Ukrainian drones likely struck a Russian duty station in occupied Crimea on August 25. Ukrainian Main Military Intelligence Directorate (GUR) Representative Andriy Yusov stated that Ukrainian drones targeted the base of the Russian 126th Guards Coastal Defense Brigade (Black Sea Fleet) near Perevalne, Simferopol Raion.[35] Crimean Tatar Resource Center Head Eskander Bariev also stated that residents reported explosions throughout occupied Crimea, particularly near Perevalne.[36] The Russian Ministry of Defense (MoD) claimed that Ukrainian forces launched 42 drones at targets in Crimea but that Russian air defense and electronic warfare (EW) systems downed all 42 Ukrainian drones.[37] A Kremlin-affiliated milblogger claimed that this was the largest Ukrainian drone strike in recent months.[38] GUR Chief Major General Kyrylo Budanov reiterated on August 24 that Ukrainian forces have the ability to strike any part of occupied Crimea.[39]

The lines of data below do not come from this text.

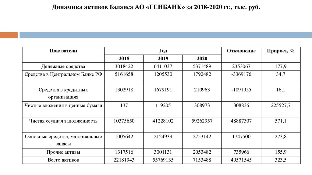 Динамика активов баланса АО «ГЕНБАНК» за 2018-2020 гг., тыс. руб.Показатели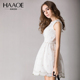 HAAOE2017春夏新款女装纯色镂空蕾丝连衣裙圆领修身无袖背心中裙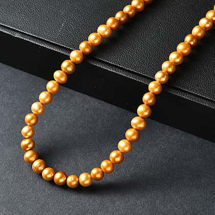 Embrace the enchanting allure of pearls with this golden dyed pearl necklace, a masterpiece crafted to bring everlasting sophistication and glamour. Featuring captivating golden pearls, making the piece suitable for layering or solo wear that complements every outfit. The classic iridescence of the pearl adds a spark and glow to the necklace, making it a must-have piece of jewellery. Ideal for evening parties, weddings, or special gifting, this luxurious statement is undoubtedly a piece to treasure for generations. This perfect piece is waiting to shine around your neck.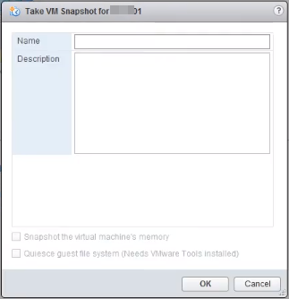 - Quiesce guest file system (needs VMware tools installed) : Met en pause l’état des processus en cours ou susceptibles de modifier les données sur le disque au moment de la prise du cliché, afin de garantir la cohérence. Les clichés mis en veille et les clichés de mémoire sont mutuellement exclusifs.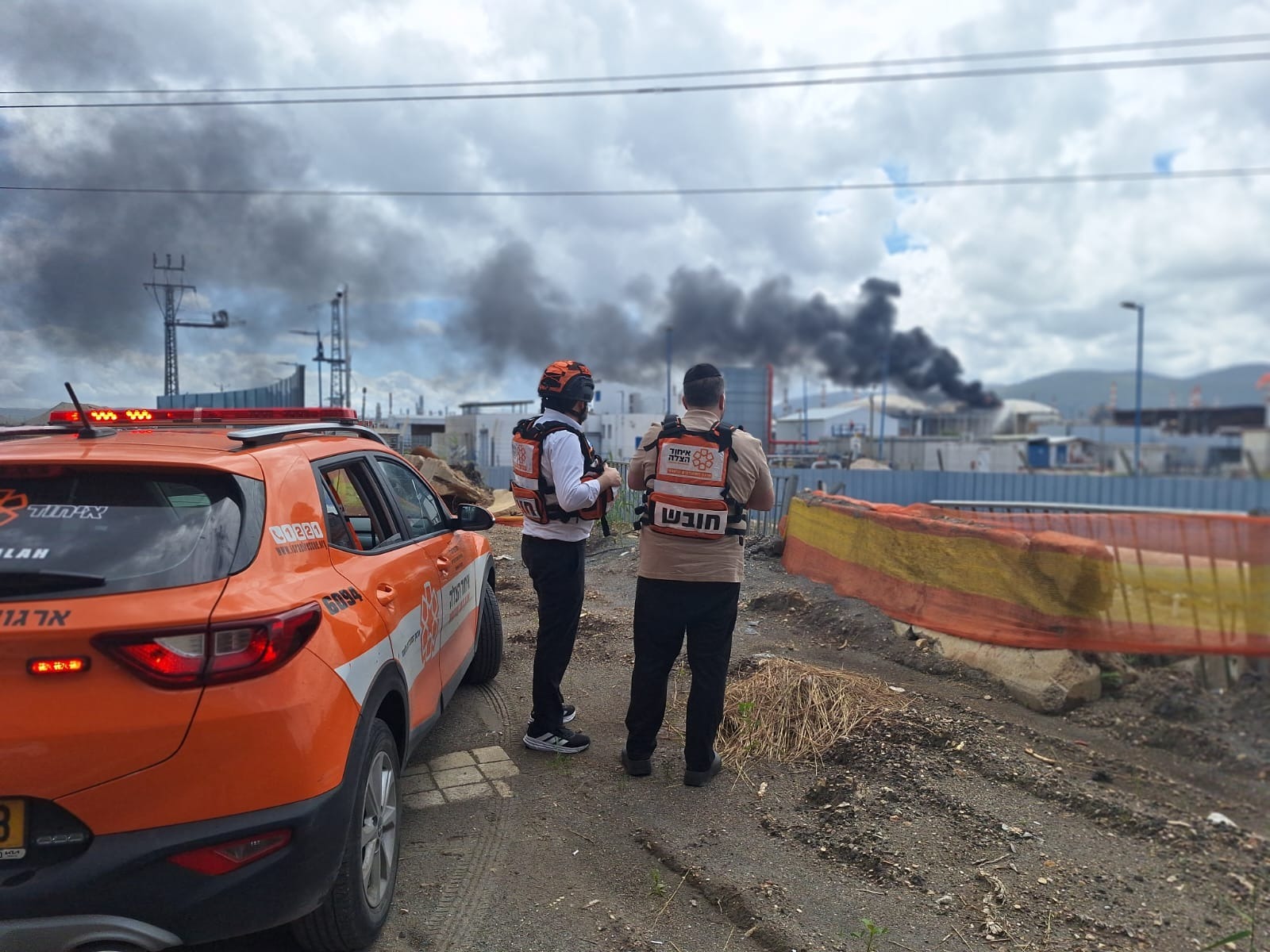 כוחות של כבאות והצלה ממחוז חוף, בסיוע יחידות נוספות, פועלים בשעה זו באירוע של פגיעה במבנה תעשייה ופגיעה במכלית דלק במתחם בתי הזיקוק (בז”ן) שבמפרץ חיפה.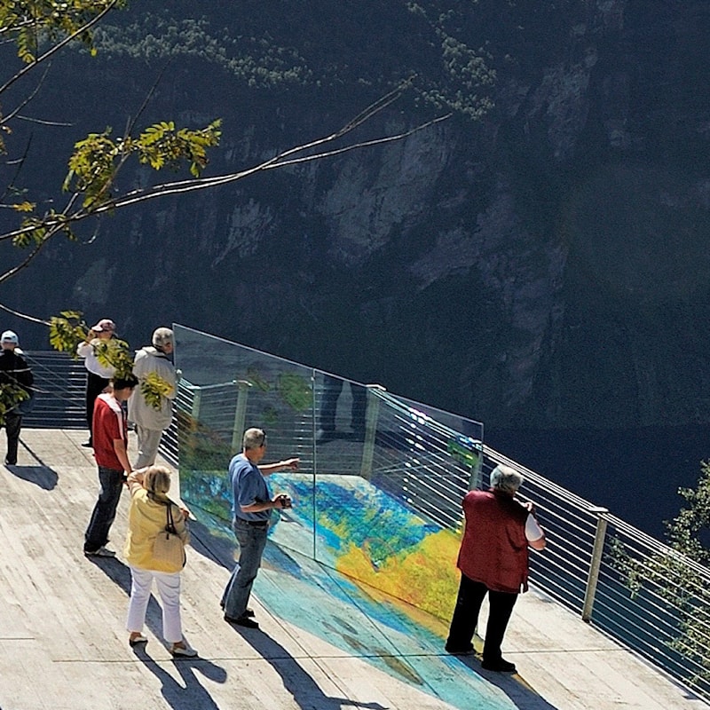 Utsiktsplattforma har ei utsmykking i glas laga av kunstnaren May Elin Eikaas-Bjerk.
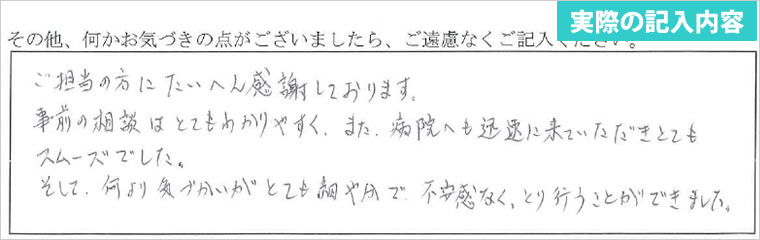 ご担当の方にたいへん感謝しております。事前の相談はとても分かりやすく、また、病院へも迅速に来ていただきとてもスムーズでした。そして、何より気づかいがとても細やかで不安感なく執り行うことができました。

Russian forces conducted an unsuccessful missile and drone strike against targets in Odesa Oblast overnight on August 24-25. Ukrainian officials reported that Russian forces launched two Kh-59 missiles, two Kalibr missiles, and one Shahed-136/131 drone and that Ukrainian air defenses shot down all five projectiles.[40] The Ukrainian Southern Operational Command reported that the Russian missiles targeted Odesa City and a port in Odesa Oblast.[41]

Key Takeaways:

  • Russian President Vladimir Putin’s August 24 remarks about Wagner financier Yevgeny Prigozhin’s death established the Kremlin-approved narrative on the issue, and Russian government officials, Kremlin affiliates, and the Russian information space continued to toe this line on August 25.
  • Some prominent voices in the Russian information space notably deviated from Putin’s established narrative, however.
  • Belarusian President Alexander Lukashenko issued a statement on Prigozhin’s death on August 25 that likely aimed at balancing his relationship with the Kremlin with maintaining domestic control, but that also directly contradicted his previous statements concerning the deal he brokered between the Kremlin and Prigozhin.
  • The Financial Times reported on the bleak future of the Wagner Group’s operations in Africa following Prigozhin’s death.
  • Ukrainian forces continued counteroffensive operations near Robotyne in western Zaporizhzhia Oblast and reportedly advanced on August 25 as Russian milbloggers expressed concern over a lack of reinforcements and troop rotations in the area.
  • Reports of a Russian unit suffering significant losses with inadequate support on an unspecified island in the Dnipro River delta sparked outrage against the Russian military command in some parts of the Russian information space.
  • Ukrainian drones likely struck a Russian duty station in occupied Crimea on August 25.
  • Russian forces conducted offensive operations along the Kupiansk-Svatove-Kreminna line, near Bakhmut, along the Avdiivka-Donetsk City line, and in western Donetsk Oblast on August 25 and advanced.
  • Ukrainian forces conducted offensive operations in at least two sectors of the front on August 25 and reportedly advanced in western Zaporizhzhia Oblast.
  • Russian authorities are likely setting conditions to falsify the results of the September 2023 regional elections in occupied Ukraine.